**WHAT IS EXPECTED**
As the answer, give exactly the lines of the records below from the one with "E para tornar" through the one with "Лента дизайнерская с", ends included and pictures left out.

**SUPPLIED ENTRIES**
——————
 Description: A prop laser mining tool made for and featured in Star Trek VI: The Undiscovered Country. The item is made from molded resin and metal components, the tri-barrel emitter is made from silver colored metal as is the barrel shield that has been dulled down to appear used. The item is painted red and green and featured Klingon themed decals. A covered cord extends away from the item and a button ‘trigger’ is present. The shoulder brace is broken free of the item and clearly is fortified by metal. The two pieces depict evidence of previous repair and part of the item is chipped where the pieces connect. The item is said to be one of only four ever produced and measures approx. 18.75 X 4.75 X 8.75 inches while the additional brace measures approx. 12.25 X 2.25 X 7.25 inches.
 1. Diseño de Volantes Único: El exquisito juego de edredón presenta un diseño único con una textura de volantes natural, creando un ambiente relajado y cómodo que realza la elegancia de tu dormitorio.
——————
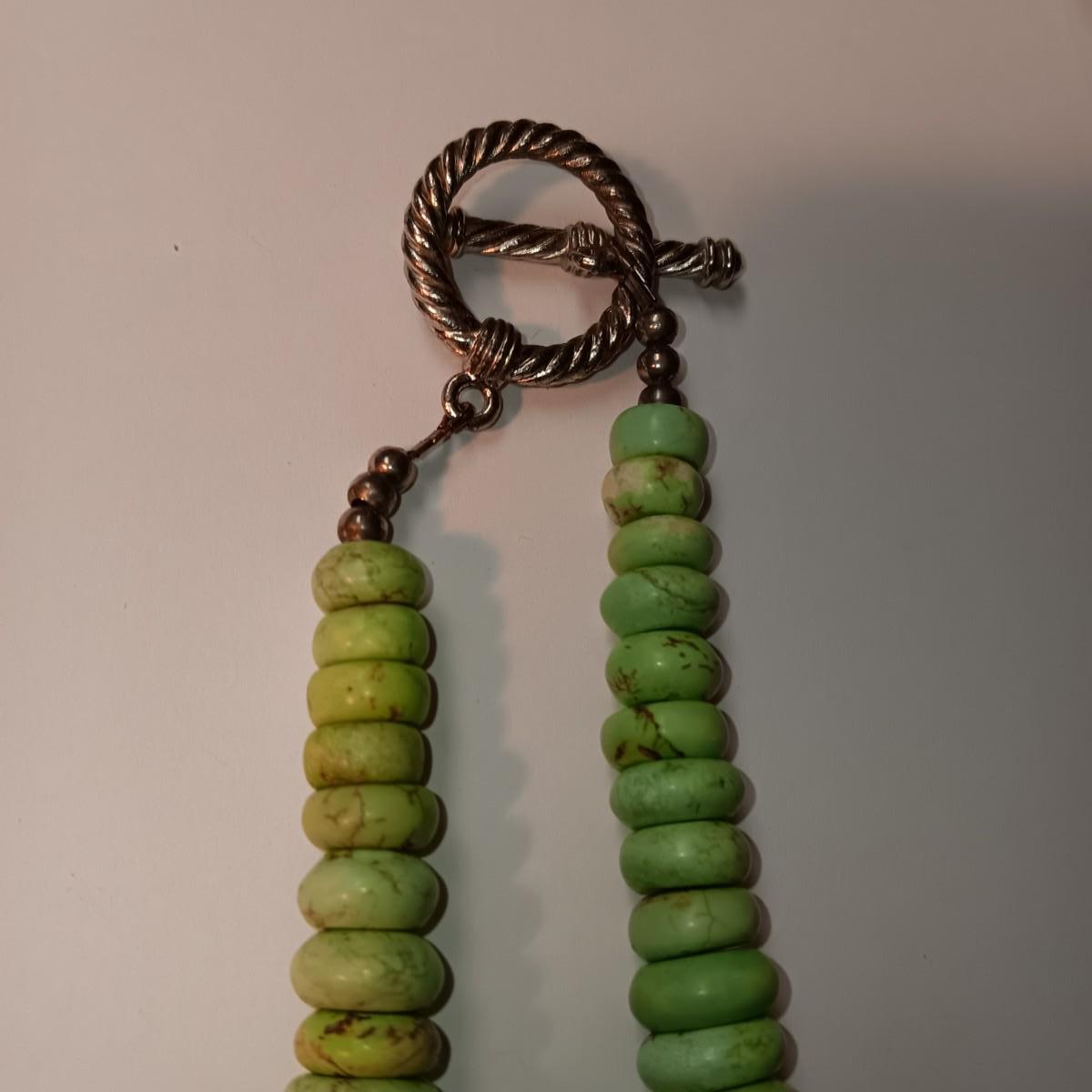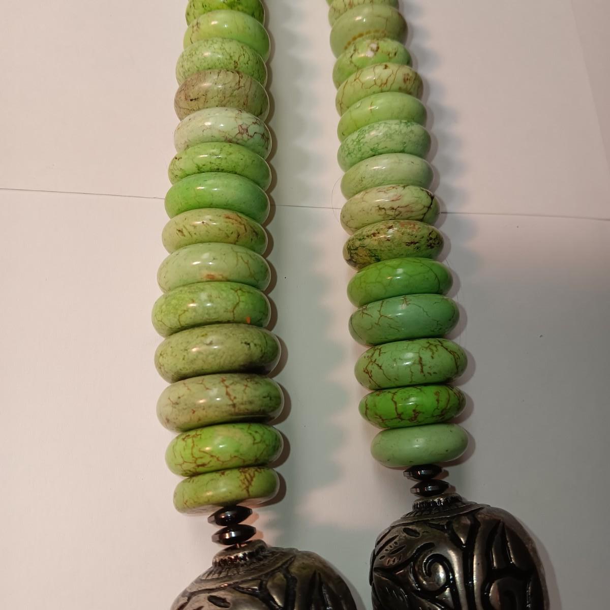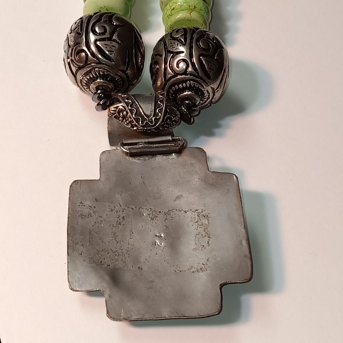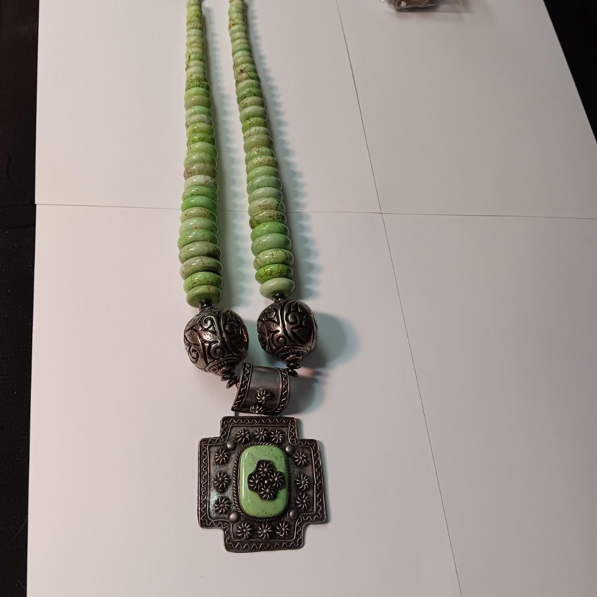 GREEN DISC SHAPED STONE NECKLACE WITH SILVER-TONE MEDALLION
——————
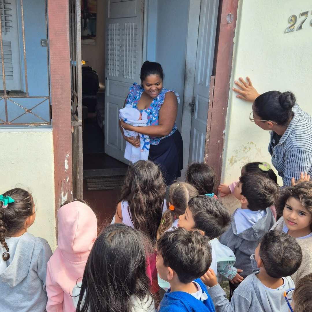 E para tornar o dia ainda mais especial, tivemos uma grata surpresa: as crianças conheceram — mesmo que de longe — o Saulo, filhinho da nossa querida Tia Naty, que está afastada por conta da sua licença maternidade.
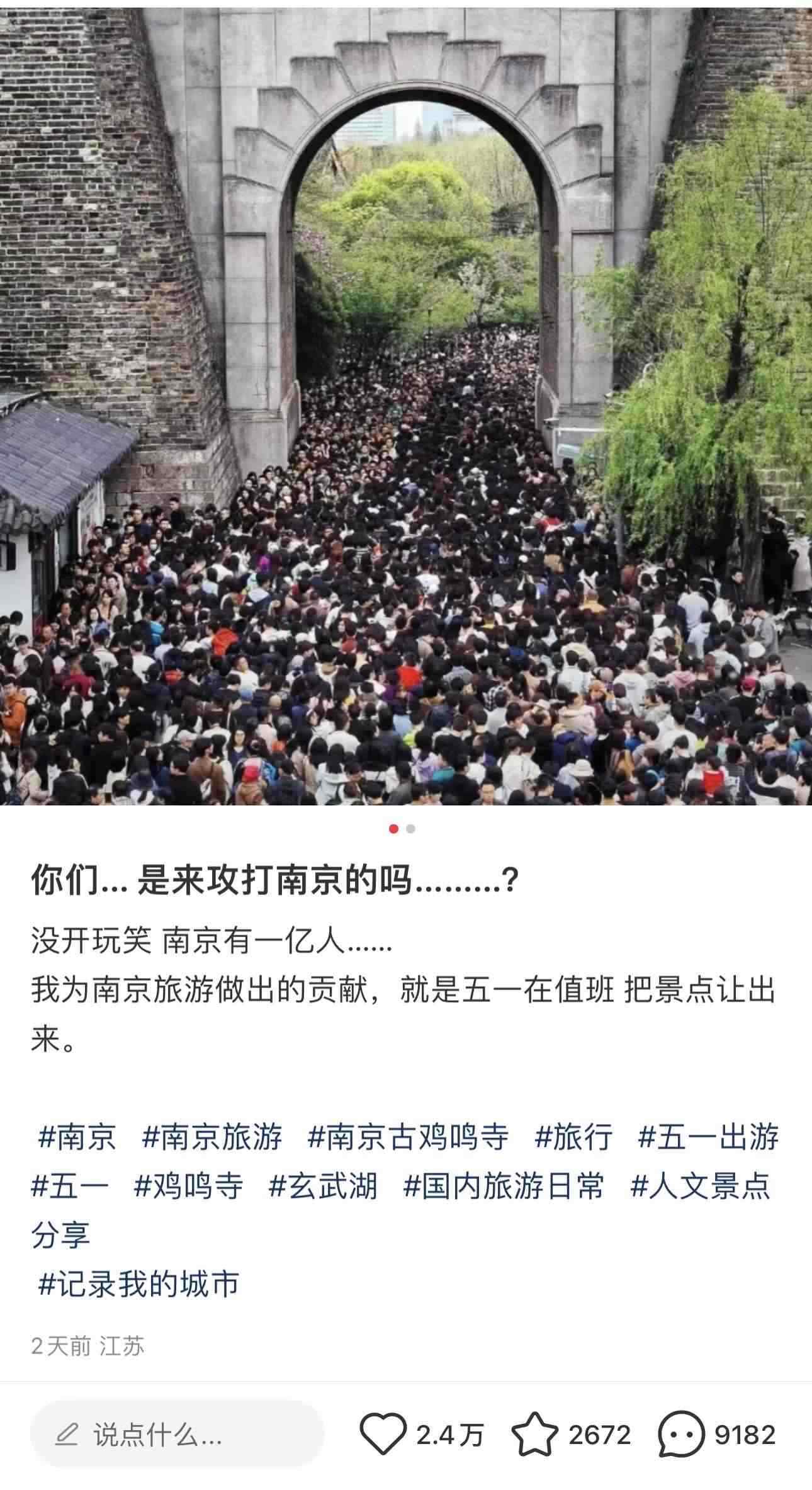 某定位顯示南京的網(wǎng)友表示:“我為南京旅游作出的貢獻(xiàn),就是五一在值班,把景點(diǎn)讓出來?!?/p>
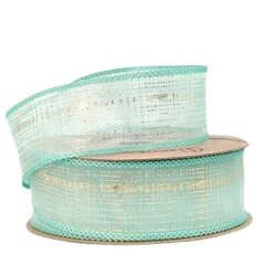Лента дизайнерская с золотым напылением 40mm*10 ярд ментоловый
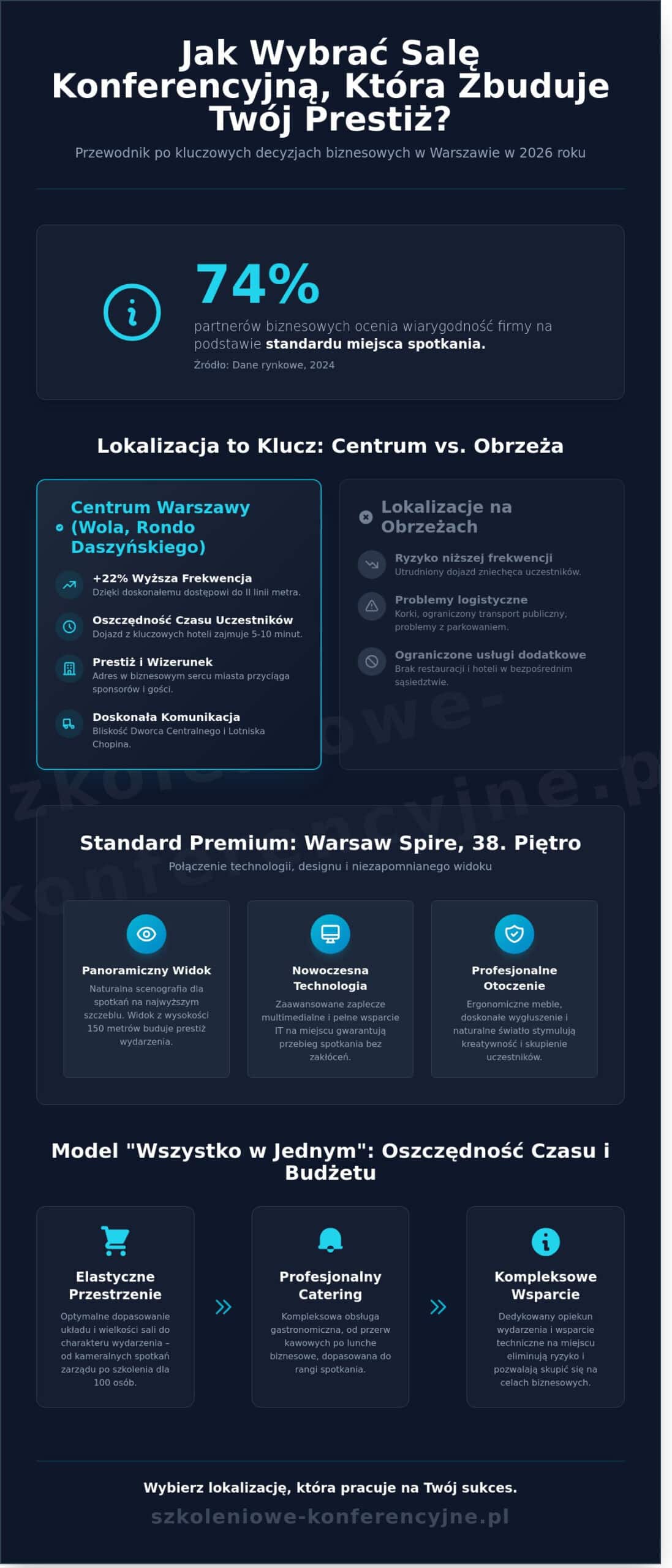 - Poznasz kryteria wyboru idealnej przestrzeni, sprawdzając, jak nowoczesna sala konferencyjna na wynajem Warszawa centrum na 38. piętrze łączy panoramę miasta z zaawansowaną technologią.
——————
**THE ANSWER**
 E para tornar o dia ainda mais especial, tivemos uma grata surpresa: as crianças conheceram — mesmo que de longe — o Saulo, filhinho da nossa querida Tia Naty, que está afastada por conta da sua licença maternidade.
 某定位顯示南京的網(wǎng)友表示:“我為南京旅游作出的貢獻(xiàn),就是五一在值班,把景點(diǎn)讓出來?!?/p>
Лента дизайнерская с золотым напылением 40mm*10 ярд ментоловый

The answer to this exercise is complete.